English teaching required a rich variety of texts. The cultural tradition remained crucial but modern writing, Scottish writing, and work in translation were also vital.
An active learning approach, in which students learned from each other as well as from the teacher and which developed practical skills of critical and discriminating reading was essential.
Contemporary forms and genres and new media, all had their place in the English classroom. Structured language skills, including grammar and spelling, were essential but there could be no return to old forms of rote learning.
Higher order skills were of the essence but there was no dispute that the effective mastery of the higher order skills had to be preceded by mastery of the lower order skills: no meaningful evaluation or synthesis was possible without a basic knowledge of grammar or literary terminology.
It was even agreed, more or less, that the proper starting place was where learners were, not the place to which we hoped to direct them.
So far, so consensual, but the consensus soon broke down. Serious questions were posed on the very role of English as a subject and on how English and literacy are perceived in the broader teaching profession.
One experienced principal teacher of English suggested that there was pressure to minimise the teaching of a broad literary curriculum and press for exam passes by diluting the content. Drill them into regurgitating a memorised essay on each of one poem and one short story, and there’s a better chance of an A grade pass at Higher.
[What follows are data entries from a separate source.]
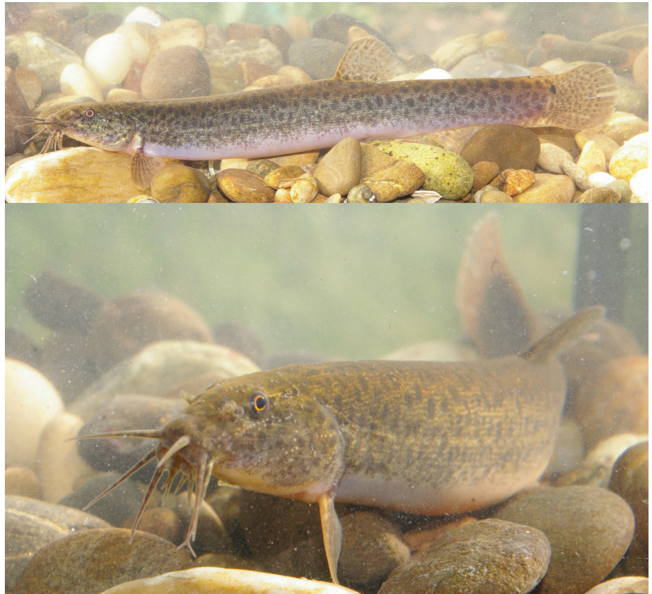
Figure 3. Two specimens of dojo weatherloach M. anguillicaudatus caught in the Schadgraben stream at Geispolsheim on the 19 th May 2022. The upper picture shows the pigmentation pattern of the body, low adipose crests on the caudal peduncle and the presence of a block spot at upper caudal base. The bottom picture highlights the long barbels.

The Neighbour-Joining analysis with the 235 COI sequences (607 bp) of the reference dataframe puts the five weatherloaches from the Schadgraben stream within the Misgurnus anguillicaudatus cluster (Figure 4). Our specimens share the same haplotype with four sequences from the Yangtze drainage (Wuhan, China: KP112321, KP112320, MF122497, MF122502) and one from a Canadian aquarium (KX224162).
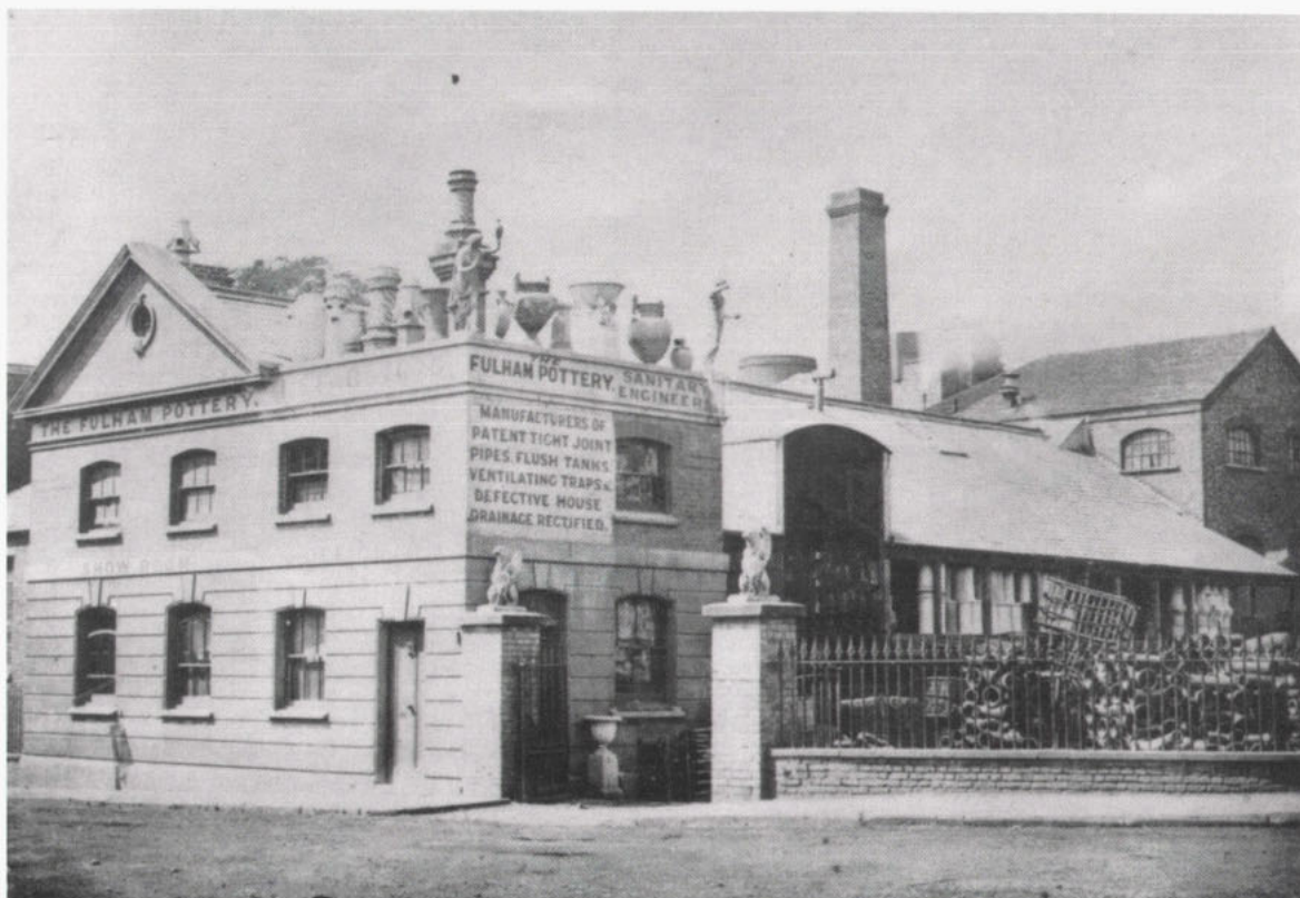
Fulham Pottery circa 1876

Hammersmith and Fulham Archives and Local History Centre
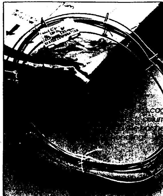
Restek's cage design allows the tubing to be processed before installing it in the cage, so the tubing strength can be constantly monitored.
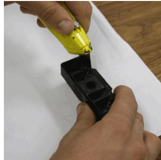
There are two supports that need to be trimmed down the same height as the center piece where the stock bolt goes.
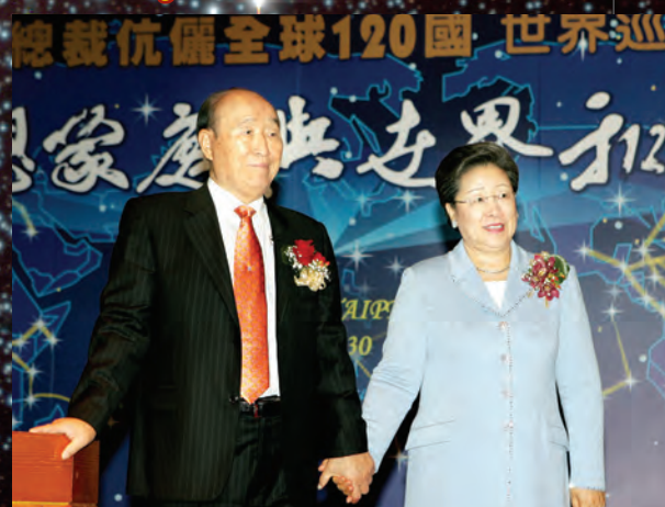
November 30, Taipei, Taiwan, where Father spoke at the Chiang Kai Shek Cultural Center
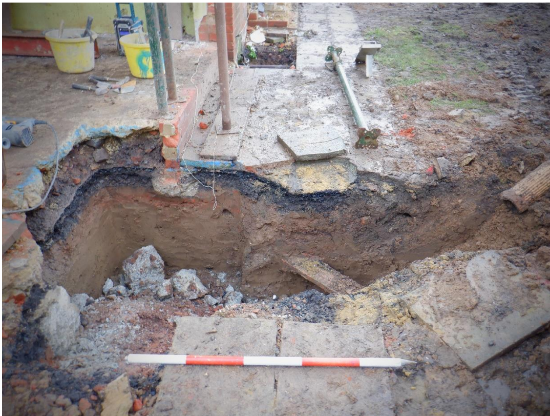
Plate 2. Start on proposed foundations (looking East)
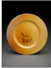
02 Schmidt-Eat Platter
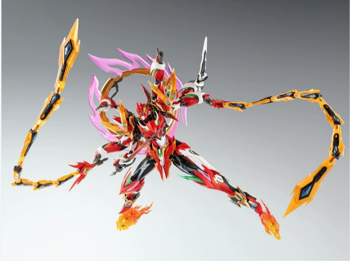
Image 4: The Nezha model posed dynamically, showcasing its articulation and ability to hold various weapons.
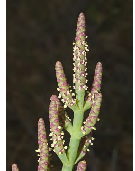
PACIFIC PICKLEWEED ( Salicornia pacifica ) Native Perennial - Goosefoot Family - (Jul-Nov) - Salt marshes, alkaline flats - Plant 4-28" tall, branching from base, branches opposite. Flower clusters 0.8-3.3" long, 0.1-0.2" wide.
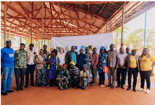
Governments of Tanzania and Burundi, Ambassadors of EU in Burundi, and Tanzania, Heads of Cooperation from Belgium, France, Ireland, Japan, UK, and USA, UNHCR and partners, together with refugees launch the EU cross-border project in Nyarugusu Camp.

refugee and host community participants supported with Technical and Vocational Education and Training.
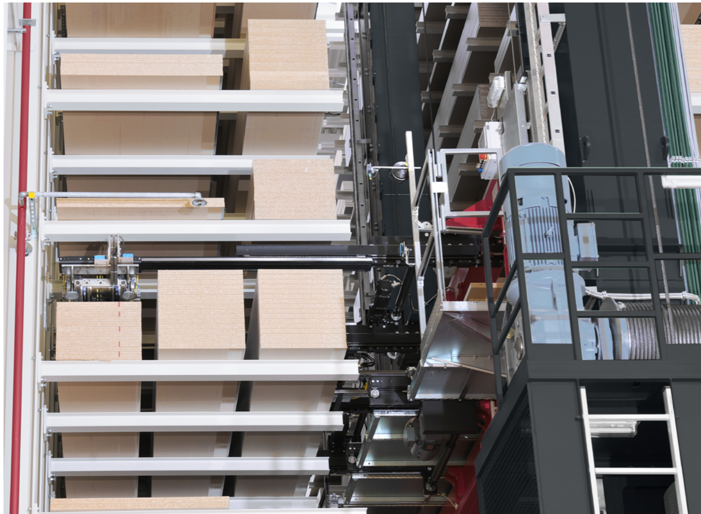
Die Platten werden direkt im Lager mithilfe von Saugtraversen aufgenommen

Similar to the self-propelled platform, the fully-automated SRM also features a suction cross-beam as the load pick-up device. As the warehouse is higher, it is possible to store more articles in a smaller space. This minimizes travel distances and travel times resulting in a significantly higher picking performance. In fact, a German kitchen manufacturer recorded their peak value to date at a production location.
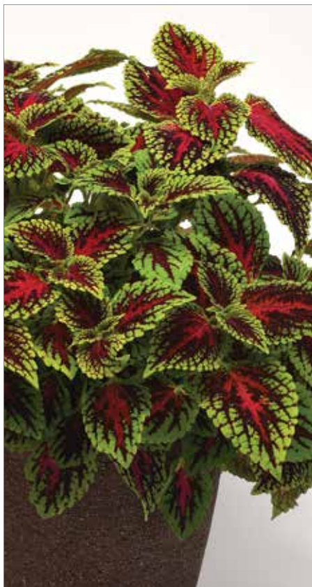
Dragon Heart Coleus
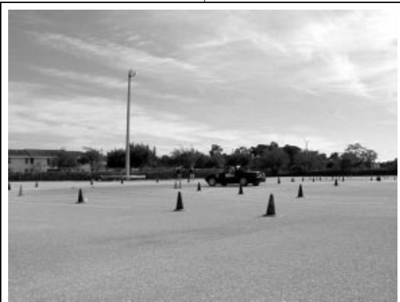
Don Reese at the January Autocross

attend these events need to get out and help when ever possible, there is a lot of work to setup and tear down the course.
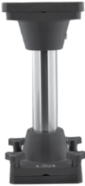
2612 | Downrigger Pedestal Mount 12" 6" (#2602)

It is the opposite of higher order skills but the product of an output-obsessed system. If it is more than an isolated example, it betrays everything for which quality English teachers have ever stood. The English teacher in question insisted that he entered teaching precisely to teach literature and the worlds which literature could open to young people. He fears that such a stance opens him to ridicule in a results-driven culture.
Even more concerning was the suggestion that while literacy across the curriculum (and across the school) was now a much vaunted target, it was, in practical terms, derided or ignored.
Tales abounded of misspelled and ungrammatical teachers’ corrections, reports and hand-outs, even from English teachers.
Another experienced principal teacher related the tale of a poorly punctuated, internal school communication from the senior management team to staff. When he respectfully suggested that perhaps it would read better if the punctuation were inserted, the response from the irate depute head was “I don’t do punctuation”.
There was a palpable sense of English teachers feeling under pressure, derided as pedants and dismissed as upholders of an outmoded concept of culture. Perhaps the time has come for English teachers to reassert Santayana’s wonderful aphorism: “For an idea ever to be fashionable is ominous, since it must afterwards always be old-fashioned.”
Perhaps, even briefly, English teachers require to insist that their priority for professional debate and development is the resolution, not of how to teach their subject, but why teach it in the first place. From that would flow questions around what should be the key content of a subject area which always requires to be vitally alive to the contemporary but, equally, continuously mindful of the traditions.